▶ [How to complete this task]:
After locating the line that contains "玻璃展示柜美容院带灯带锁门商场化妆品透明陈列柜子理发店产品。热门设计联盟服务商" in the records below, write out exactly that line and each line after it through the one that contains "SADREE as a", and nothing else.

▶ [Material for this task]:
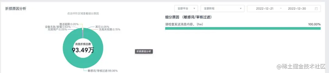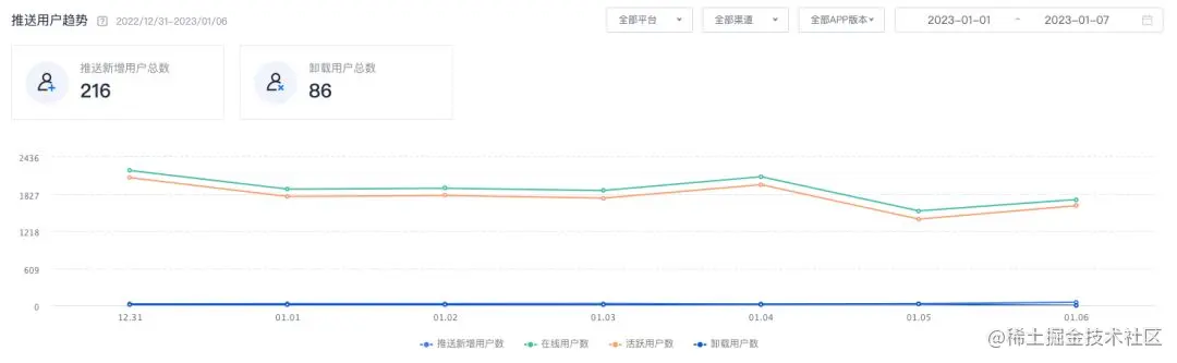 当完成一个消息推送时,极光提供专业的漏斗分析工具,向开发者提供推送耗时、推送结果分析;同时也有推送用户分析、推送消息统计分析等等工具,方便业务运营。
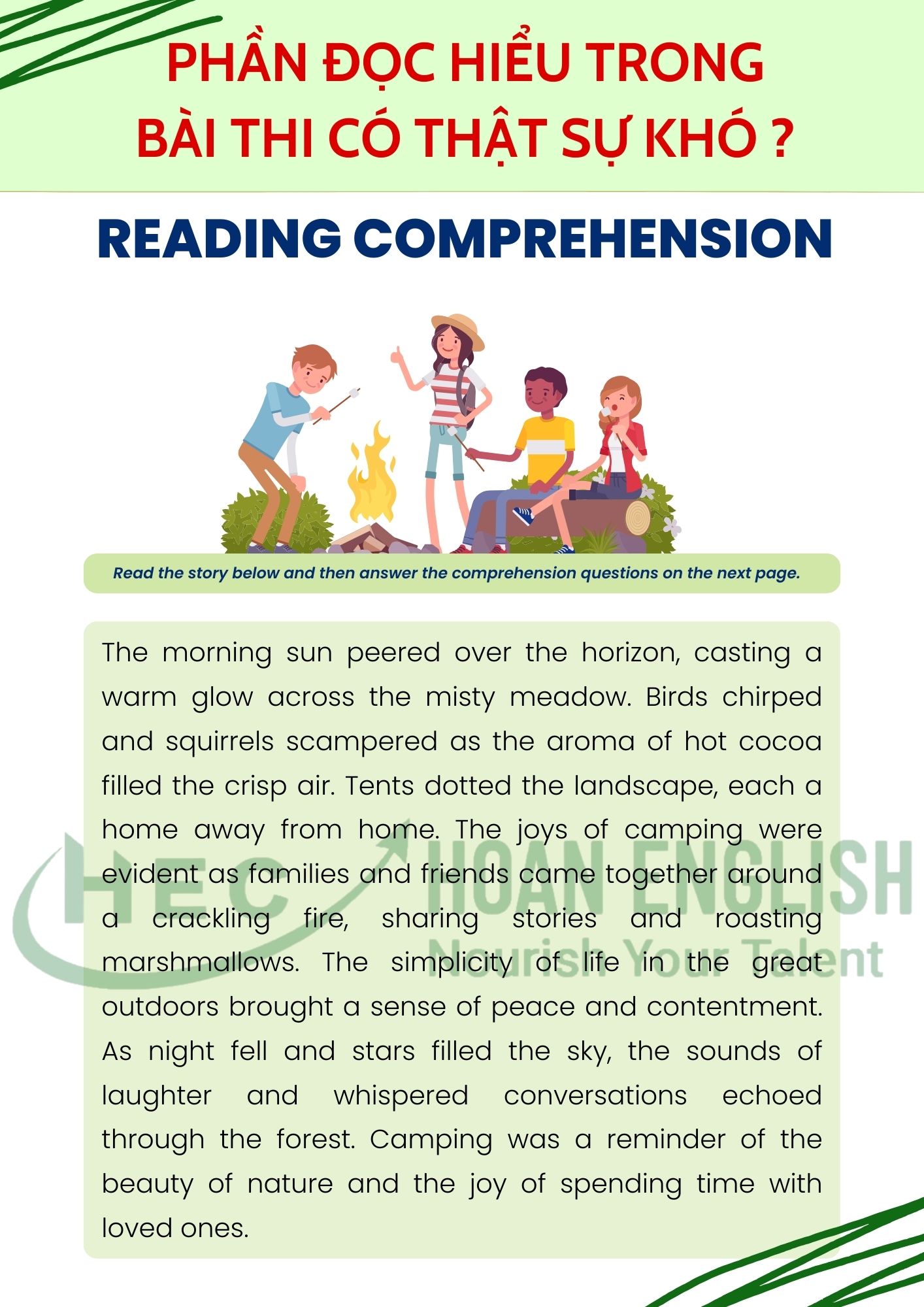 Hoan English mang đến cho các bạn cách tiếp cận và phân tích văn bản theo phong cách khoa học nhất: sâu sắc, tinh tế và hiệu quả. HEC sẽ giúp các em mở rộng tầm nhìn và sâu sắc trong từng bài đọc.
--
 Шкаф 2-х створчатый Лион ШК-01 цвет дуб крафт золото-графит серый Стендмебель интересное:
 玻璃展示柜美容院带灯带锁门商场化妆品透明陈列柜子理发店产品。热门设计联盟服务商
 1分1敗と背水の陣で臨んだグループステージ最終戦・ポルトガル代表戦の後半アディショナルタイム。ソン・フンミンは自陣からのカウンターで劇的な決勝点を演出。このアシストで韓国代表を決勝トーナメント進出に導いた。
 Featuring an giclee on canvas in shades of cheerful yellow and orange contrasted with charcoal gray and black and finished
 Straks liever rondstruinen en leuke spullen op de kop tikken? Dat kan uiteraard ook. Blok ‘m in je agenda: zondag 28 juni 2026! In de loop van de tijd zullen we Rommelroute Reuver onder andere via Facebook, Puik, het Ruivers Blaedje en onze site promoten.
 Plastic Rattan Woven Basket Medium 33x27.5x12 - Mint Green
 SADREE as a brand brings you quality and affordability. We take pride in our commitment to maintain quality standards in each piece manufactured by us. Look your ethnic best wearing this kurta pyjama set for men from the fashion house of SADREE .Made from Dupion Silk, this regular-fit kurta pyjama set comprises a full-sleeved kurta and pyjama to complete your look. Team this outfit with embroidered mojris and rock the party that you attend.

▶ [Solved problem]:
 玻璃展示柜美容院带灯带锁门商场化妆品透明陈列柜子理发店产品。热门设计联盟服务商
 1分1敗と背水の陣で臨んだグループステージ最終戦・ポルトガル代表戦の後半アディショナルタイム。ソン・フンミンは自陣からのカウンターで劇的な決勝点を演出。このアシストで韓国代表を決勝トーナメント進出に導いた。
 Featuring an giclee on canvas in shades of cheerful yellow and orange contrasted with charcoal gray and black and finished
 Straks liever rondstruinen en leuke spullen op de kop tikken? Dat kan uiteraard ook. Blok ‘m in je agenda: zondag 28 juni 2026! In de loop van de tijd zullen we Rommelroute Reuver onder andere via Facebook, Puik, het Ruivers Blaedje en onze site promoten.
 Plastic Rattan Woven Basket Medium 33x27.5x12 - Mint Green
 SADREE as a brand brings you quality and affordability. We take pride in our commitment to maintain quality standards in each piece manufactured by us. Look your ethnic best wearing this kurta pyjama set for men from the fashion house of SADREE .Made from Dupion Silk, this regular-fit kurta pyjama set comprises a full-sleeved kurta and pyjama to complete your look. Team this outfit with embroidered mojris and rock the party that you attend.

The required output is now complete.